- Zodiac Zodiac
- Coordinates: 30°13′29″N 98°47′37″W﻿ / ﻿30.22472°N 98.79361°W
- Country: United States
- State: Texas
- County: Gillespie
- Elevation: 1,594 ft (486 m)
- Time zone: UTC-6 (Central (CST))
- • Summer (DST): UTC-5 (CDT)
- Area code: 830
- FIPS code: 48
- GNIS feature ID: 1378977

= Zodiac, Texas =

Zodiac is a vanished Mormon settlement established in 1847 on the Pedernales River, located 4 mi southeast of Fredericksburg, in Gillespie County, in the U.S. state of Texas. The area it was located on eventually converted to private acreage, and no trace of the settlement remains today. It was the first Mormon colony established by Lyman Wight in Texas. The second settlement was Mormon Mill in Burnet County in 1851, and his third and final settlement was Mormon Camp in 1854 in Bandera County. In 1936, Zodiac was designated a Recorded Texas Historic Landmark, Marker number 10133.

==History==

===Background===
Wight led a group of 200 followers into Texas in 1845. The group first entered Texas at Grayson County, at a site known as Mormon Grove, where they spent the winter months before moving on during the spring thaw, arriving in Austin in June 1846. The Mormons hired themselves out as laborers to help build the city jail. After constructing a sawmill and gristmill on the Colorado River, the group migrated towards the Texas Hill Country.

===Settlement===
Wight received permission in 1847 from John O. Meusebach to settle a colony of Mormons within the Adelsverein territory. Core ideals of the Germans that favored religious tolerance and disfavored the institution of slavery made this particular German community look inviting to Wight. Upon settling at a site on the Pedernales River in Gillespie County, Wight and his followers set about to erect the structures of their community. They built a chapel, school, store, gristmill, and sawmill. The Mormon business enterprises helped supply the needs of the county as a whole. In 1848, Wight and his followers helped build Fort Martin Scott.
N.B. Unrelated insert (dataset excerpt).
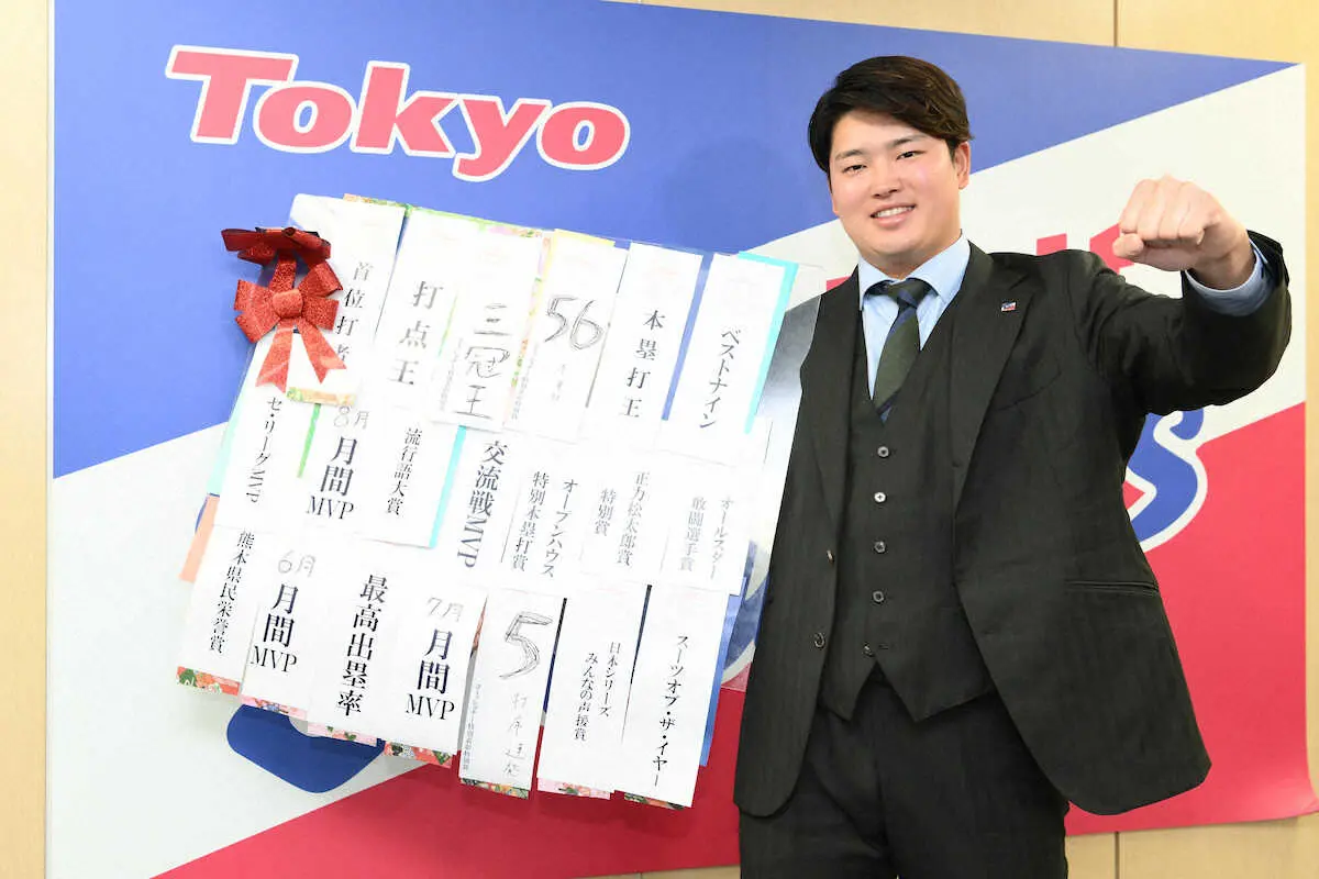 日本選手最多56本塁打を放って史上最年少3冠王に輝き、リーグ連覇に貢献した4番に対し、球団は異例の条項も付け加えた。現行の「25歳ルール」やポスティングのルールなどに変更があり、大型契約を結ぶことが可能であれば、2年後の24年オフにもポスティング移籍を容認するという。村上は「球団には感謝しかありません」と頭を下げた。

United States boundary commissioner John Russell Bartlett had been charged to carry out the provisions of the Treaty of Guadalupe Hidalgo. Bartlett visited Zodiac in 1850 and gave an account of community life:

Everywhere around us in this Zodiacal settlement, we see abundant signs of prosperity... They have a tract of land which they have cultivated for about three years and which has yielded profitable crops. The well-built houses, perfect fences and tidy dooryards give the place a homelike air such as we had not seen before in Texas. The dinner was a regular old-fashioned New England farmer's meal comprised [sic] an abundance of everything and served with faultless neatness. The entire charge for the dinner for twelve persons and corn for as many animals was $3.

In 1851, the Pedernales River overflowed its banks and destroyed the Mormon mills. Wight and the others pulled up stakes and moved to Mormon Mill in Burnet County. They retained the rights to the Zodiac cemetery in Gillespie, where several of their flock had already been buried. Lyman Wight died eight miles from San Antonio on March 31, 1858, and was returned to Zodiac Cemetery for burial.
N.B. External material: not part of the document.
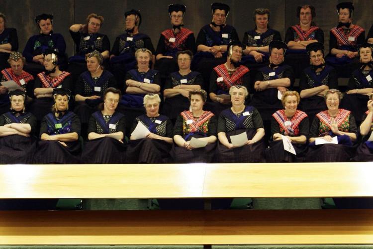 WOENSDAG Een groep bezoeksters van de Tweede Kamer laat geen misverstand bestaan over hun afkomst. Getooid in Staphorster klederdracht bevolken de vrouwen de tribune om het vragenuurtje te volgen.

After the departure of the Mormons, the area saw a succession of Germans, English and Danish colonists. Before and during the Civil War the area formerly known as Zodiac became a slave labor cotton farm, purportedly the only slave labor cotton plantation in Gillespie County. If that claim is accurate, this is possibly the property on which future Texas State Senator Matthew Gaines was forced to work as a runaway slave during the Civil War. In the 1860 census, Gillespie County had thirty-three slaves.

The Rocky Hill school was built in 1885, and Zodiac was renamed for the school. The cemetery was plowed over and destroyed. The area is located on private property.